## WHAT YOU ARE ASKED TO DO
Leave out every picture, and restate word for word only the lines from the one containing "The Hilary Top" through the end of the material.

## PROVIDED RECORDS

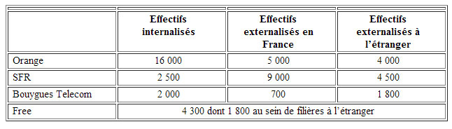 Le recours à l’externalisation est en augmentation constante en raison de la volonté des entreprises de recentrer leurs activités autour de leur cœur de métier et de la différence de coût très significative, de l’ordre de 70 € de l’heure pour un salarié en interne contre 25 à 28 € au sein d’un centre d’appel externalisé. Et en ce domaine, Free se démarque de ses concurrents en ayant 100% des emplois internalisés dans ses centres d’appels. Cela coute donc beaucoup plus cher à l’opérateur mais le service rendu aux abonnés et par définition meilleur (ce qui explique la première place de la relation client obtenue par Free Mobile). En effet, les conseillers chez les sous-traitants sont souvent amenés à passer d’une activité à une autre (ils peuvent passer de SFR à la Redoute par exemple) avec donc une culture d’entreprise sous-traitants et non opérateur. Là où chez Free tout le monde dispose de la même formation, partage les mêmes objectifs, des possibilités de promotion interne et où chacun participe aux résultats de l’entreprise. C’est un élément différenciant important.
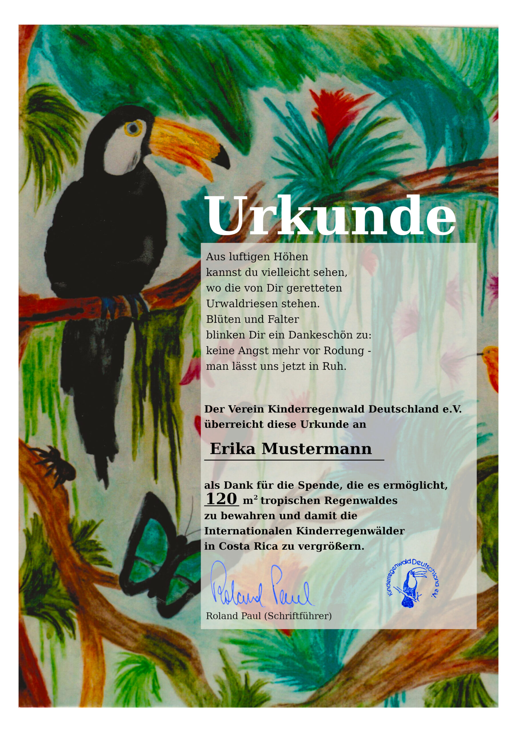 Spende einen Betrag deiner Wahl zur Rettung der tropischen Regenwälder auf das Konto von kinderregenwald.de. Nenne den Namen des Beschenkten und deine E-Mailadresse im Kontaktformular. Du bekommst dann eine digitale Urkunde zum Ausdrucken über ein Stück tropischen Regenwald im „Ewigen Wald der Kinder“ zugeschickt:
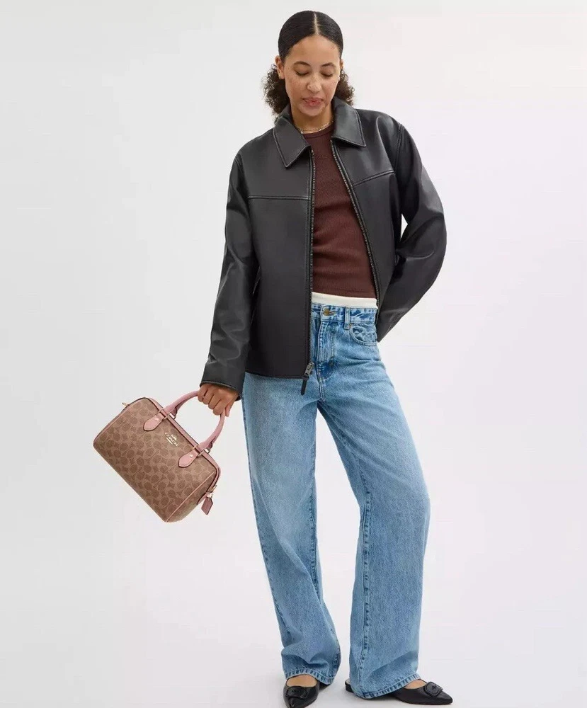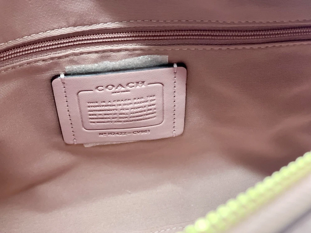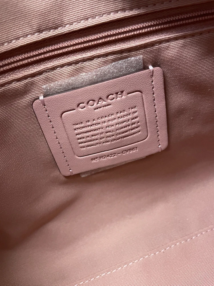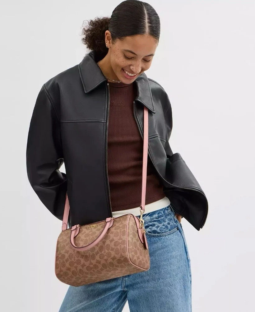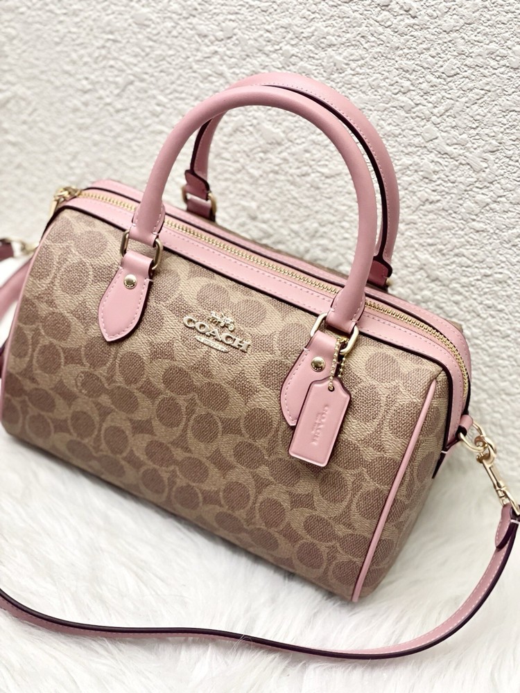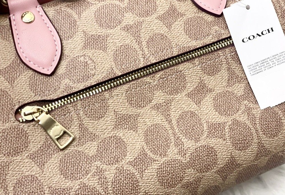 Coach Rowan Satchel Bag In Signature Canvas Brand new with tags 100% Authentic Limited Edition Color: Tan/ Pink petal Style Number CV961 Measurements Length: 10.0" Height: 6.5" Width: 5.5" Materials Signature coated canvas Fabric lining Handle Handles with 4.25" drop Strap Detachable strap with 23" drop for shoulder or crossbody wear Features Outside zip pocket Zip and multifunction pockets Zip closure Price is firm
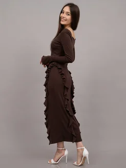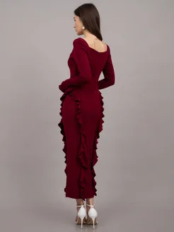 Платье миди вечернее с рюшами
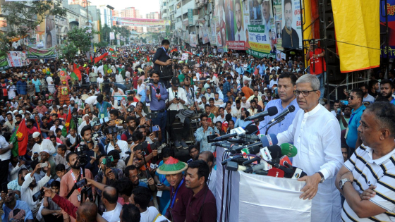 মির্জা ফখরুল বলেন, এখানে আমাদের রংপুর-দিনাজপুরের মানুষ আছেন। এক কৃষক নেতা অনেক দিন আগে ব্রিটিশ পিরিয়ডে তিনি বিদ্রোহ করেছিলেন… বিপ্লব করতে গিয়ে সমগ্র কৃষককে ডাক দিয়েছিলেন, ‘কোনঠে বাহে জাগো সবাই’। এই হচ্ছে ডাক।
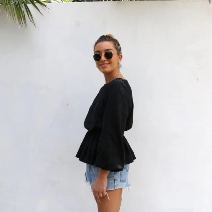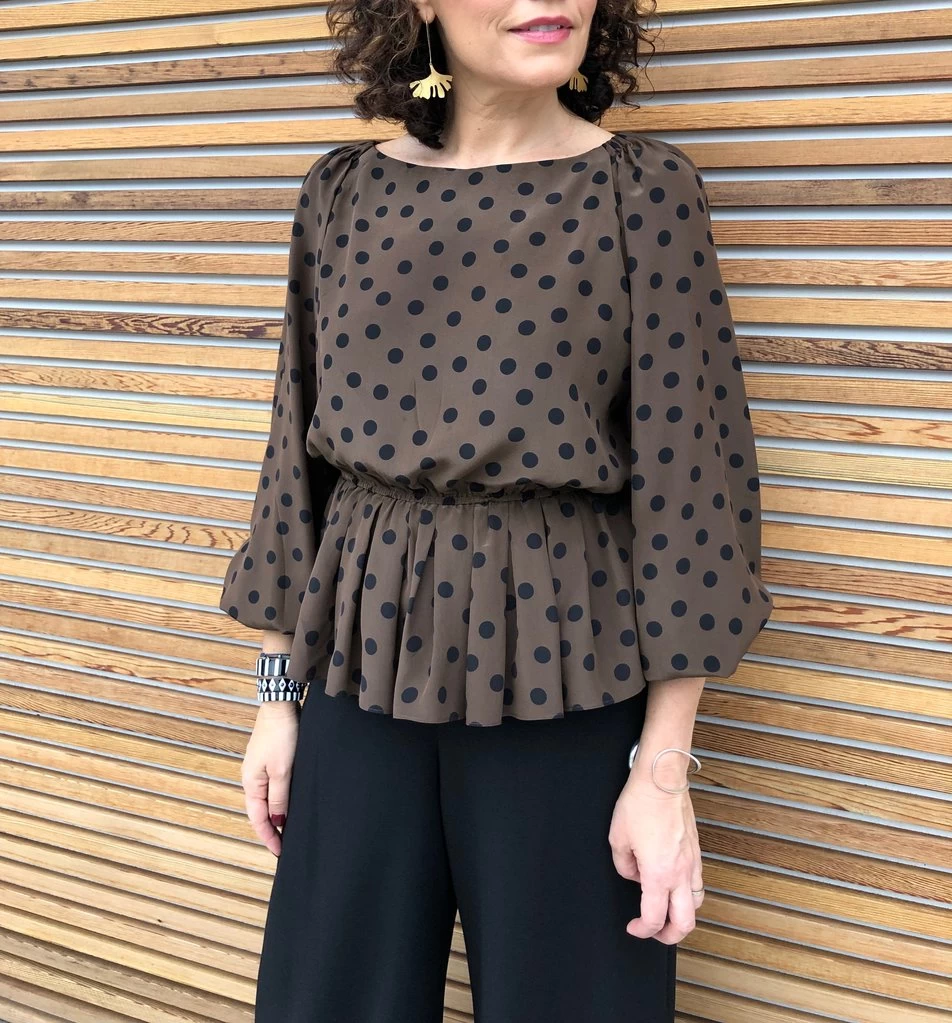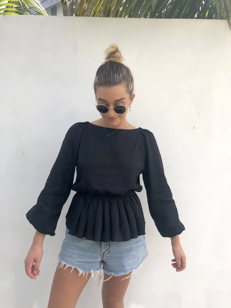 The Hilary Top is a charming peasant style blouse that flaunts a bloused bodice, pleated peplum, boat neckline, gathered waist, and sleeves with gathered wrists. This versatile top is a great addition to any wardrobe, pairing perfectly with pants, shorts, or skirts. Its timeless appeal and effortless elegance make it a wardrobe essential that can be dressed up or down for any occasion.
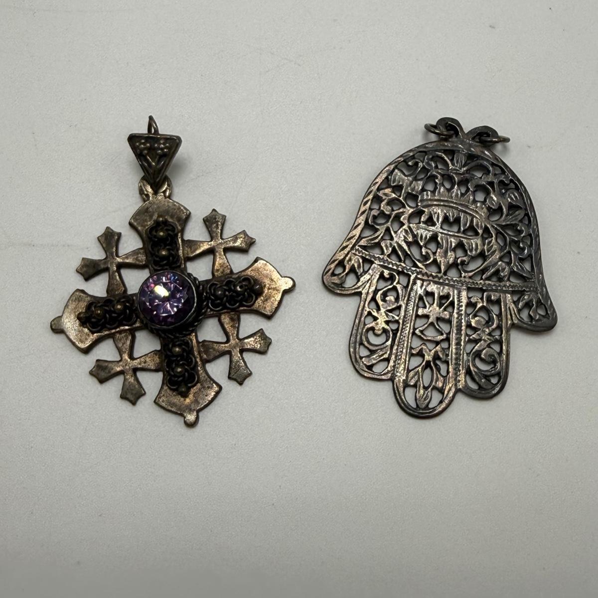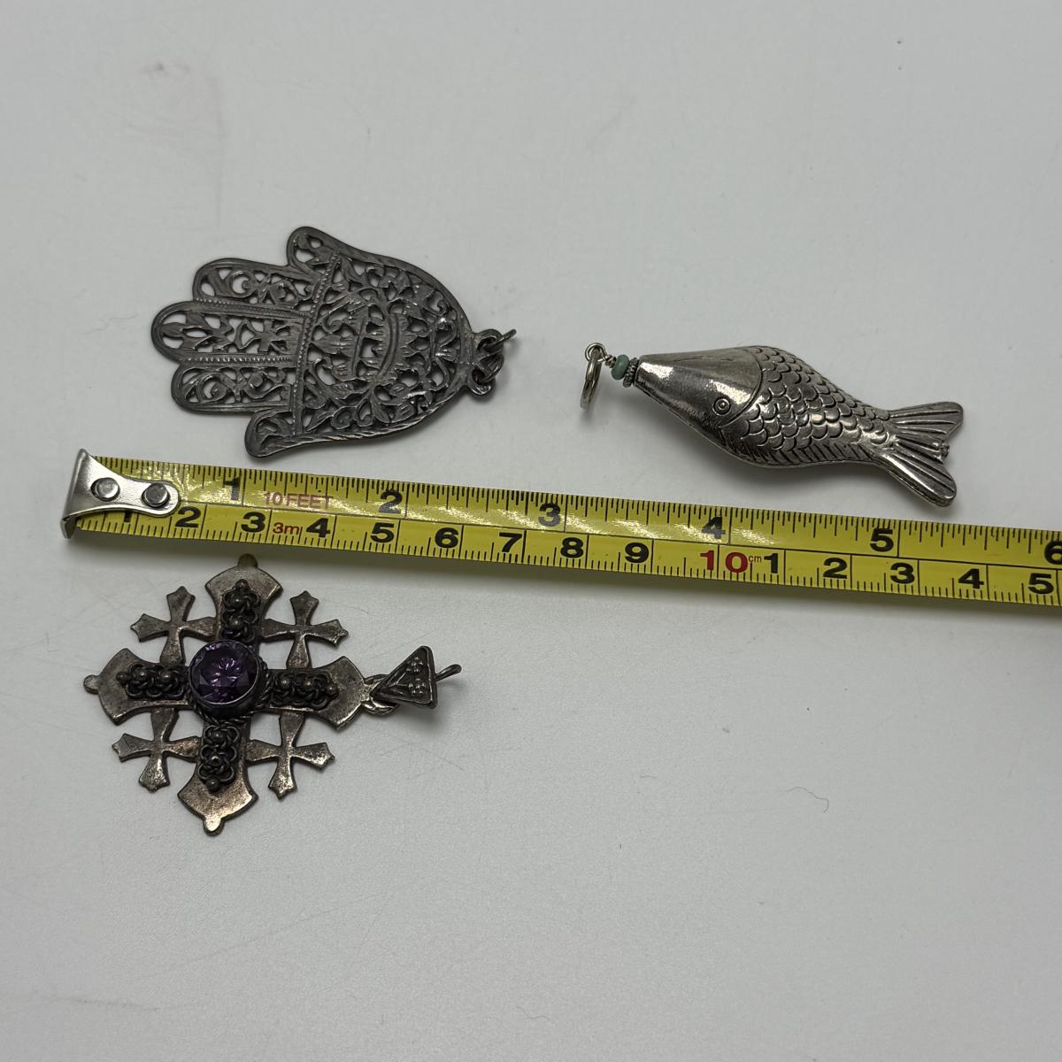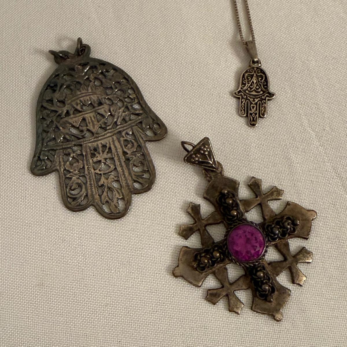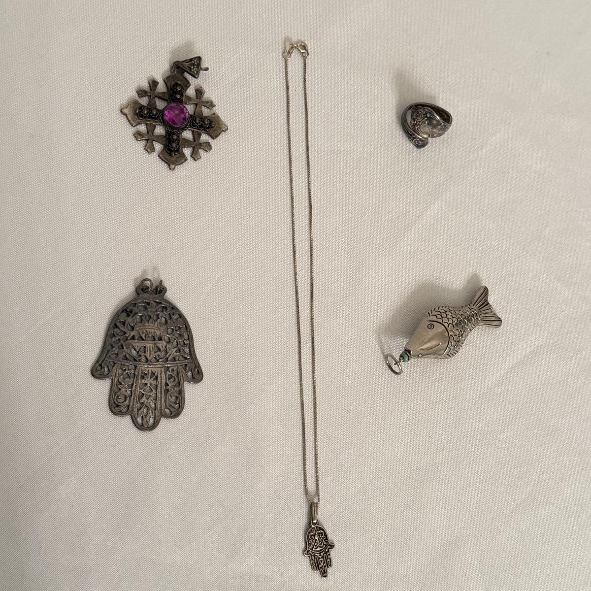 Jerusalem cross pendant has a faceted magenta colored stone in its center. The back is stamped with “Jerusalem Jordan Silver 900”. This pendant is 1.75” x 2.25”. Two Hamsa pendants are included as well. The smaller one and its 16” chain are both stamped with 925. A ring and fish pendant finish off this collection.

## ANSWER TO THIS PROBLEM
 The Hilary Top is a charming peasant style blouse that flaunts a bloused bodice, pleated peplum, boat neckline, gathered waist, and sleeves with gathered wrists. This versatile top is a great addition to any wardrobe, pairing perfectly with pants, shorts, or skirts. Its timeless appeal and effortless elegance make it a wardrobe essential that can be dressed up or down for any occasion.
 Jerusalem cross pendant has a faceted magenta colored stone in its center. The back is stamped with “Jerusalem Jordan Silver 900”. This pendant is 1.75” x 2.25”. Two Hamsa pendants are included as well. The smaller one and its 16” chain are both stamped with 925. A ring and fish pendant finish off this collection.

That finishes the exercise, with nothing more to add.